A Câmara dos Comuns do Canadá aprovou o Projeto de Lei C-09, conhecido como Lei de Combate ao Ódio, na última quarta-feira. A medida, que estabelece punições para crimes motivados por ódio com base em raça, religião, gênero e outras características, segue para o Senado. A votação ficou em 186 a 137.

O projeto foi apoiado por parlamentares dos partidos Liberal e Bloco Quebequense, enquanto os Conservadores, Novo Democrático e Verde votaram contrariamente. A proposta também prevê sanções para impedir o acesso de pessoas a templos, escolas, residências de idosos e cemitérios de grupos protegidos.

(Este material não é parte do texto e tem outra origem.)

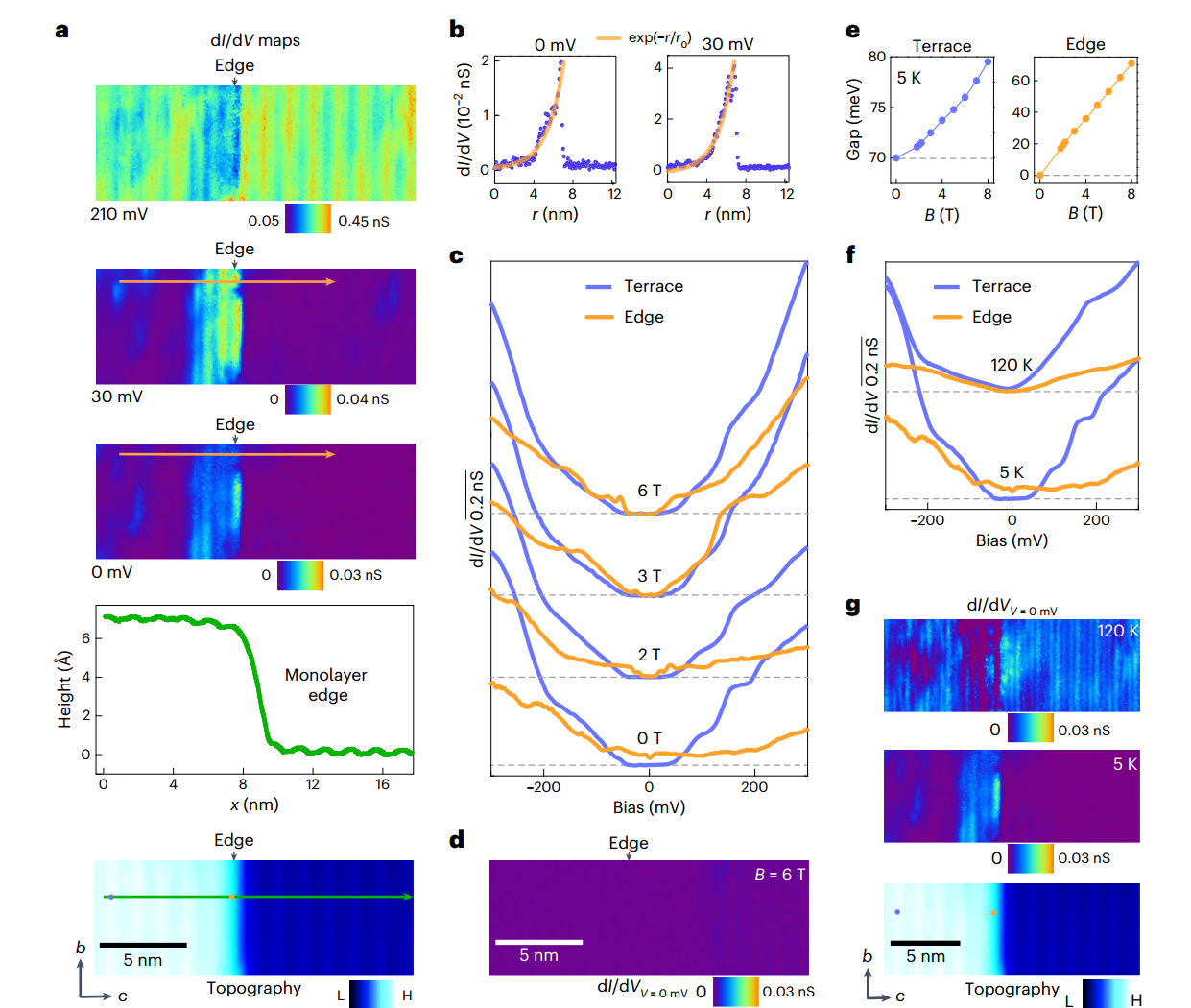 在本工作中,研究团队首先制备了高质量的层状材料Ta₂Pd₃Te₅单晶,首次观测到双重激子凝聚相:在100 K时由半金属态进入零动量激子凝聚态,4.2 K时进一步发生有限动量二次激子凝聚。团队通过极化角分辨光电子能谱测试发现,低温下电子能带发生轨道杂化,镜面对称性破缺,证实激子凝聚驱动了拓扑相变。同时,扫描隧道谱观测到体绝缘能隙,与理论模型预言的拓扑边缘态高度吻合。更令人惊奇的是,在外加磁场调控下,体系展现出动量序的可调性,为研究拓扑相变临界行为与对称性调控提供了实验窗口。

Entre as mudanças, o texto revoga uma cláusula do Código Penal que protegia expressões de boa-fé com base em textos religiosos, o que gerou críticas de lideranças religiosas. Organizações cristãs das quais partem vozes de oposição apontam riscos à liberdade de expressão de fé.

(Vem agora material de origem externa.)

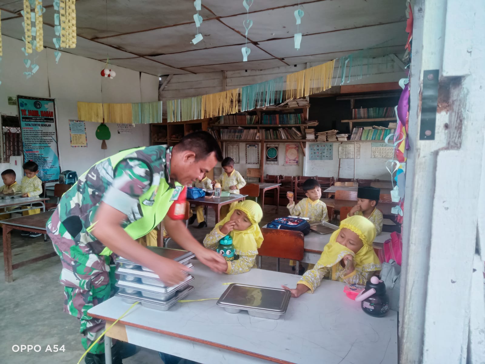 Kutacane Agaranews.com – Babinsa Koramil 0108-05/ Lawe Alas jajaran Kodim 0108/Agara melaksanakan pendampingan kegiatan Operasional makan bergizi Gratis (MBG)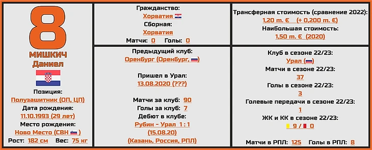 Возможно, имя этого 29-летнего хорватского полузащитника и не на слуху для большинства любителей российского футбола, однако ту пользу, которую Мишкич приносит уральскому клубу вот уже несколько лет кряду просто трудно переоценить.

Para entrar em vigor, o projeto ainda precisa ser aprovado pelo Senado, que deve retomar atividades em 14 de abril. Em caso de aprovação, a lei passaria a vigorar conforme o conteúdo aprovado pela Câmara. As dúvidas sobre impactos legais permanecem entre líderes religiosos e especialistas.

Reação das entidades religiosas e status

Lideranças católicas destacam preocupações com a retirada da defesa de boa-fé em textos religiosos, citando insegurança jurídica para fiéis, educadores e clérigos. A aprovação no Senado será observada com atenção por grupos religiosos e pela sociedade civil.